Key Laboratory of Pollution Processes and Environmental Criteria, Ministry of Education, Tianjin Key Laboratory of Environmental Remediation and Pollution Control, College of Environmental Science and Engineering, Nankai University, Tianjin 300071, China.
Department of Analytical Chemistry, The Connecticut Agricultural Experiment Station, New Haven, CT 06504, United States.
Sci Total Environ. 2019 Feb 15;651(Pt 1):1154-1165. doi: 10.1016/j.scitotenv.2018.09.229. Epub 2018 Sep 19.
The accumulation and metabolism of 2, 2', 4, 4', 5, 5'-hexabrominated diphenyl ether (BDE-153) in Amaranthus mangostanus L. (amaranth) as affected by different concentrations of biochar (1.3 to 26.6 g/L) under hydroponic conditions exposed to 10 μg/L BDE-153 after 10 days were investigated. Biochar significantly reduced BDE-153 shoot and root content by 27.5-61.6% and 73-95.3%, respectively. In general, BDE-153 migration from solution to amaranth decreased with increasing the doses of biochar. BDE-153 metabolites altered with doses of biochar. The ratio of de-BDEs to BDE-153 in root was polynomial correlated to biochar dose (R = 0.9356**). Root and shoot Fe content was positively correlated with the BDE-153 amounts (R = 0.948** and 0.822*, respectively). Though the higher biochar dose could obviously control BDE-153 uptake by the vegetable, the toxicity was caused more significantly. For instances, the high concentration of biochar at 26.6 g/L reduced pigment content, increased total ROS, and elevated antioxidant enzyme activity. At the same time, the O intensity was linearly positively correlated with de-BDEs in root (R = 0.7324*) while photosynthetic parameter F/fm intensity was polynomial correlated to BDEs in shoot (R = 0.9366*). Transmission electron microscopy (TEM) confirmed that exposure to BDE-153 and high concentration biochar at 26.6 g/L severely altered the chloroplasts in terms of the organelle shape and the presence of starch granules in the chloroplast. Taken together, biochar as a soil amendment could significantly control BDE-153 uptake and enhance BDE-153 metabolism in vegetables, but considering the dose of biochar to avoid its toxicity with higher dose.

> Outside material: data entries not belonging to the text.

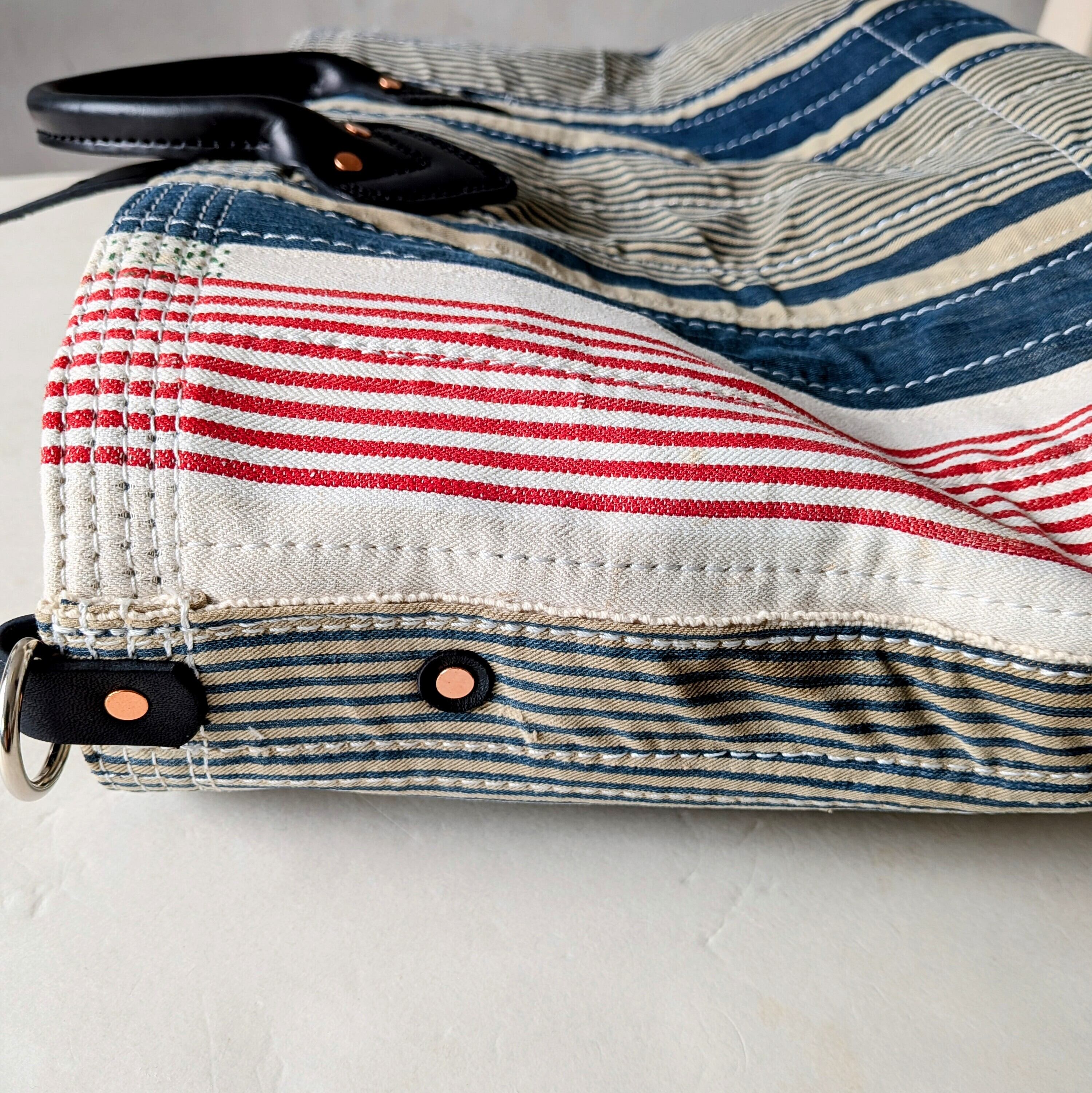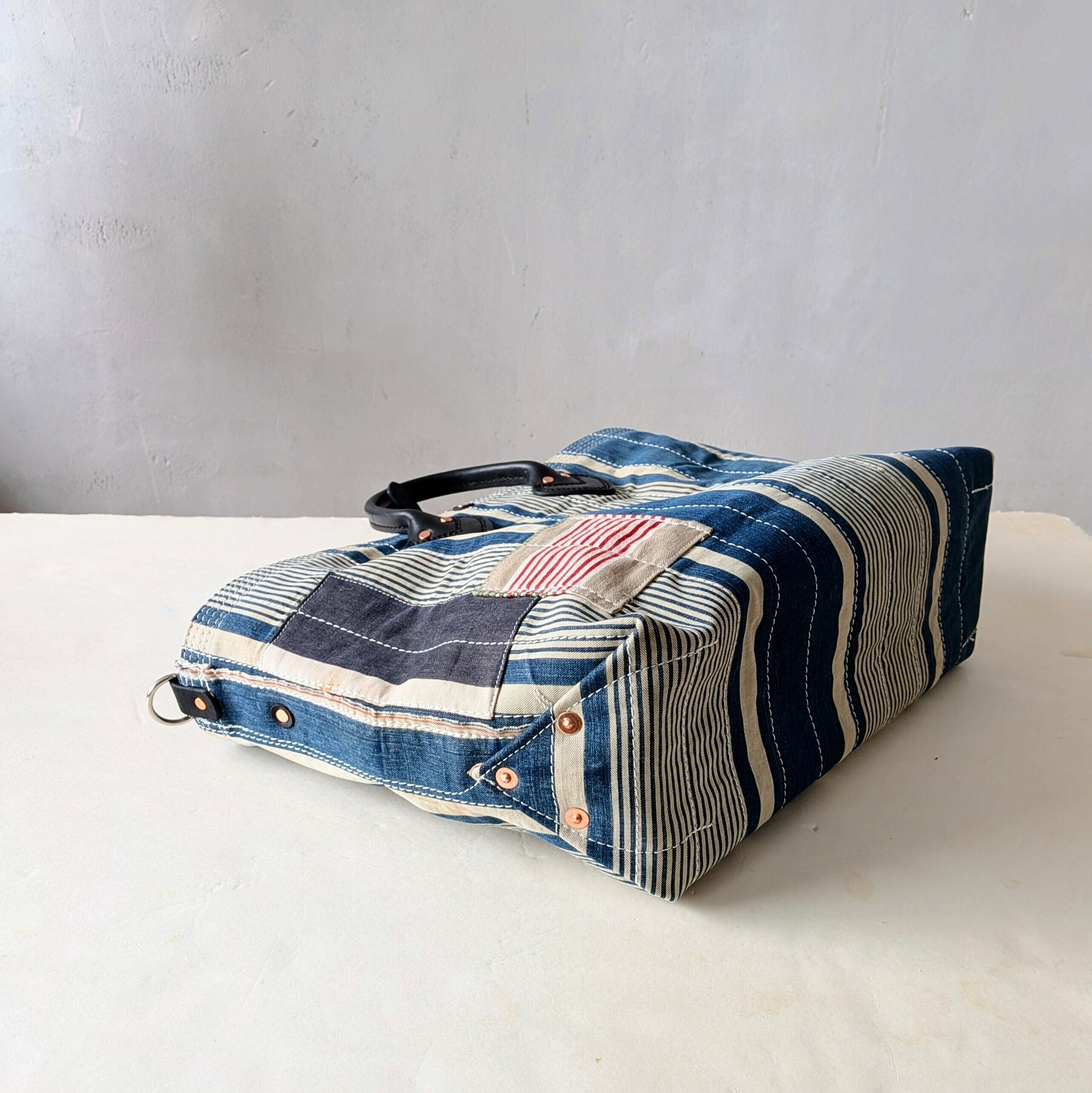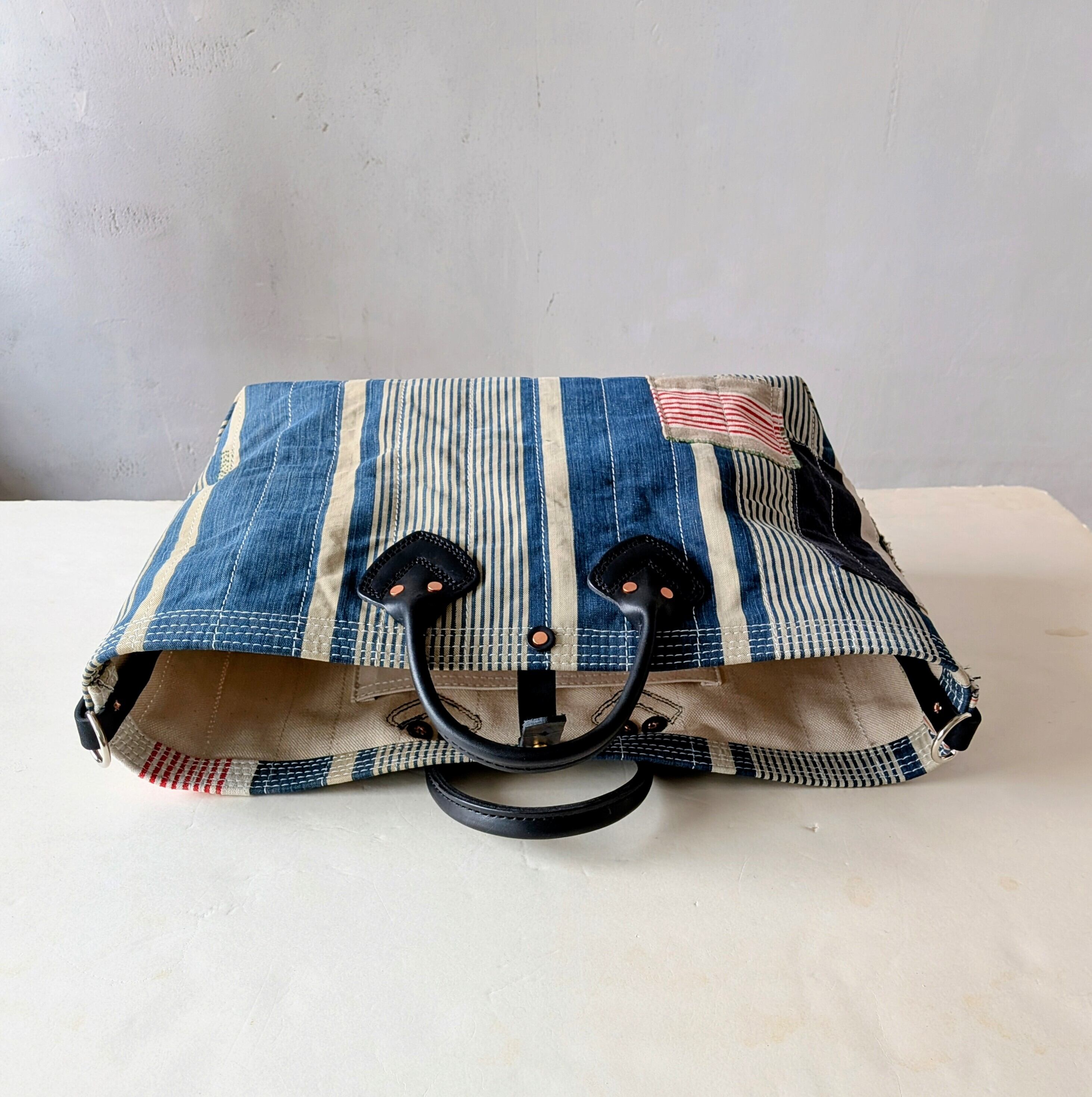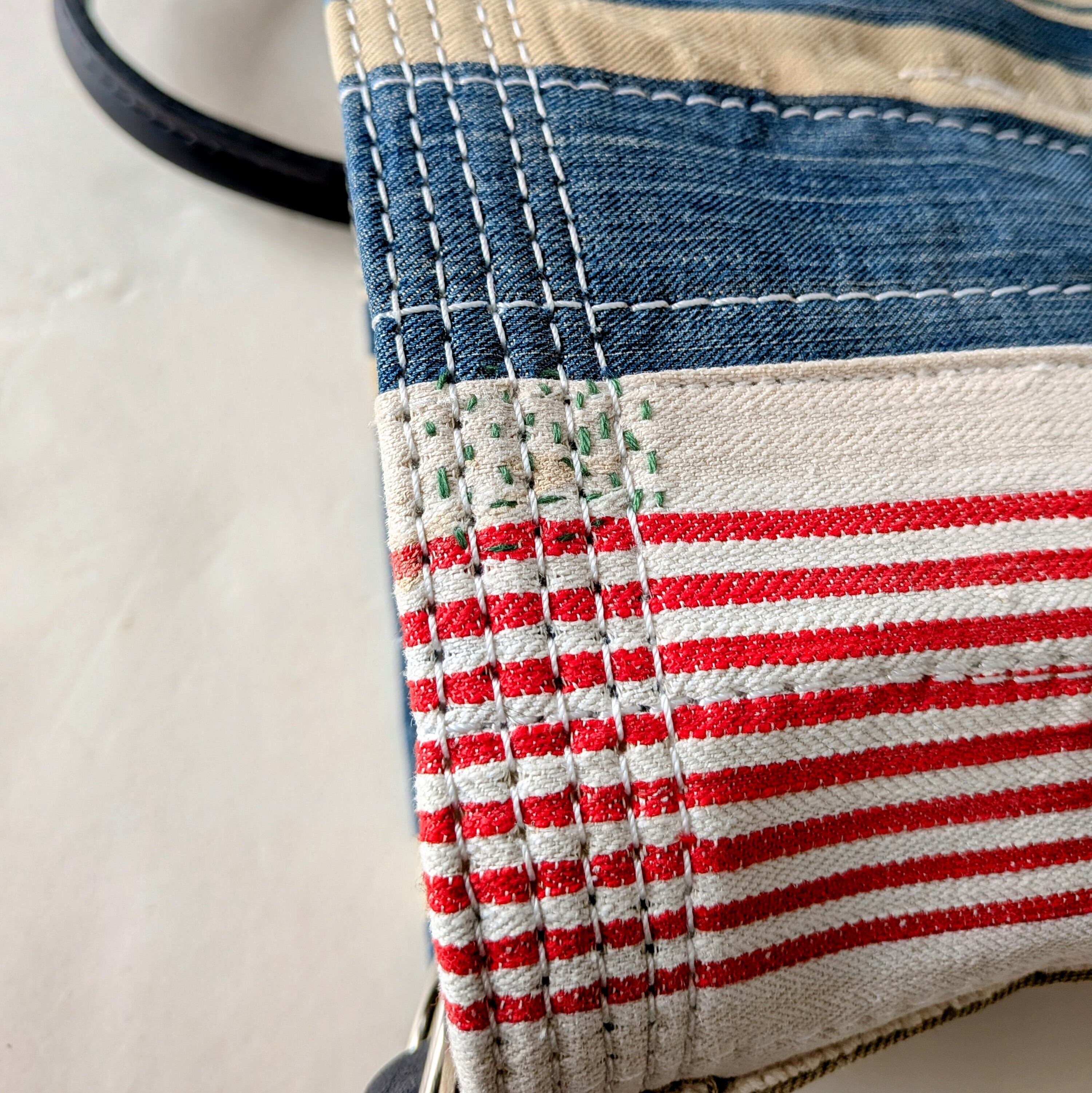 全体に太い糸でミシンステッチをかけ、生地の薄くなっている場所にはパッチワークやダーニングでリペアをし、どの方向から見ても、まるでアートのような1点です。横長タイプ。
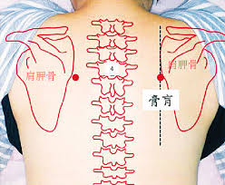 整体の先生は、身体のどこかしら悪いものがあると必ず肩甲骨の.内側、上の図の膏肓というツボの辺りにかたーいコリが隠れている、と言います。
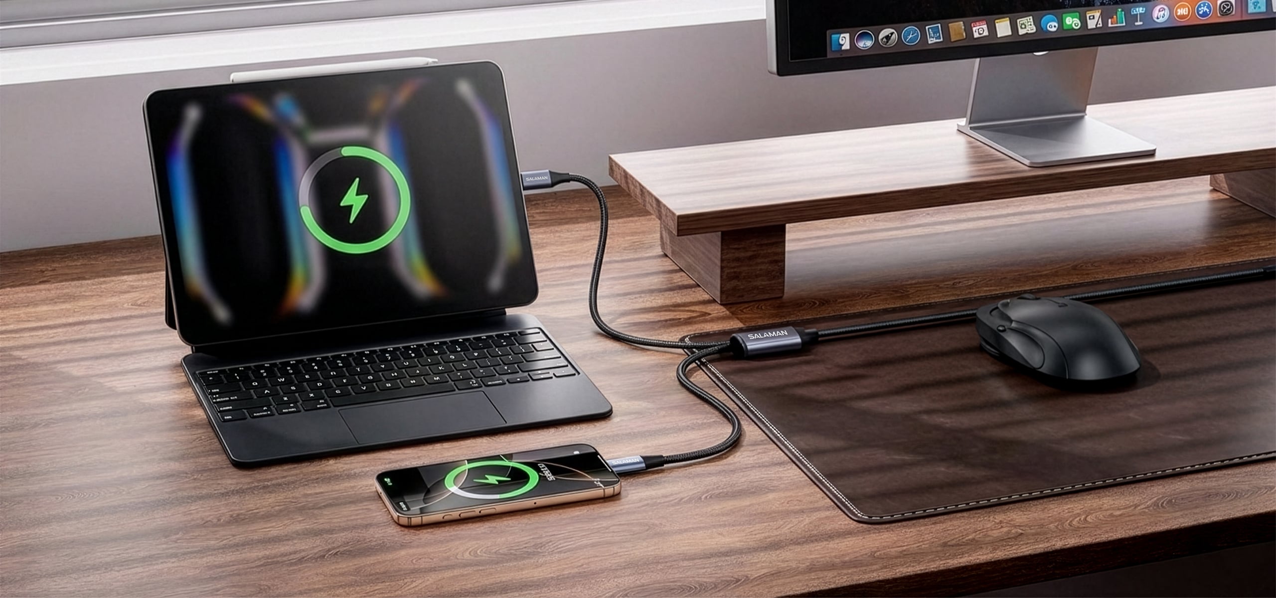 Dây Sạc Nhanh Salaman Edge SP 60W là cáp đa năng hoàn hảo cho người dùng hiện đại. Với công suất 60W và chuẩn QC/PD, cáp tiết kiệm tối đa thời gian sạc. Thiết kế cổng sạc kép USB-C + Lightning giúp bạn sạc nhanh mọi thiết bị chỉ với một sợi cáp duy nhất.
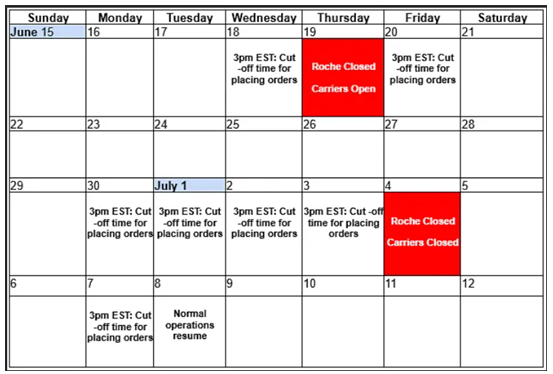 - Roche Diagnostics will be closed on Thursday, November 27th and Friday, November 28th.

在水培条件下,研究了不同浓度生物炭(1.3 至 26.6 g/L)对受 10μg/L BDE-153 暴露 10 天后满江红(苋菜)中 2,2',4,4',5,5'-六溴二苯醚(BDE-153)积累和代谢的影响。生物炭可使 BDE-153 的地上部和根部含量分别降低 27.5-61.6%和 73-95.3%。通常,随着生物炭剂量的增加,BDE-153 从溶液向苋菜的迁移减少。BDE-153 代谢物随生物炭剂量而变化。根中脱溴 BDEs 与 BDE-153 的比值与生物炭剂量呈多项式相关(R = 0.9356**)。根和地上部铁含量与 BDE-153 含量呈正相关(R = 0.948和 0.822)。尽管较高的生物炭剂量可以明显控制蔬菜对 BDE-153 的吸收,但毒性更为明显。例如,26.6 g/L 高浓度生物炭会降低色素含量,增加总 ROS,并提高抗氧化酶活性。同时,O 强度与根中脱溴 BDEs 呈线性正相关(R = 0.7324),而光合参数 F/fm 强度与地上部 BDEs 呈多项式相关(R = 0.9366*)。透射电子显微镜(TEM)证实,暴露于 BDE-153 和 26.6 g/L 高浓度生物炭会严重改变叶绿体的形状和叶绿体中淀粉颗粒的存在。总之,生物炭作为土壤改良剂可以显著控制 BDE-153 的吸收并增强蔬菜中 BDE-153 的代谢,但需考虑生物炭的剂量,以避免高剂量带来的毒性。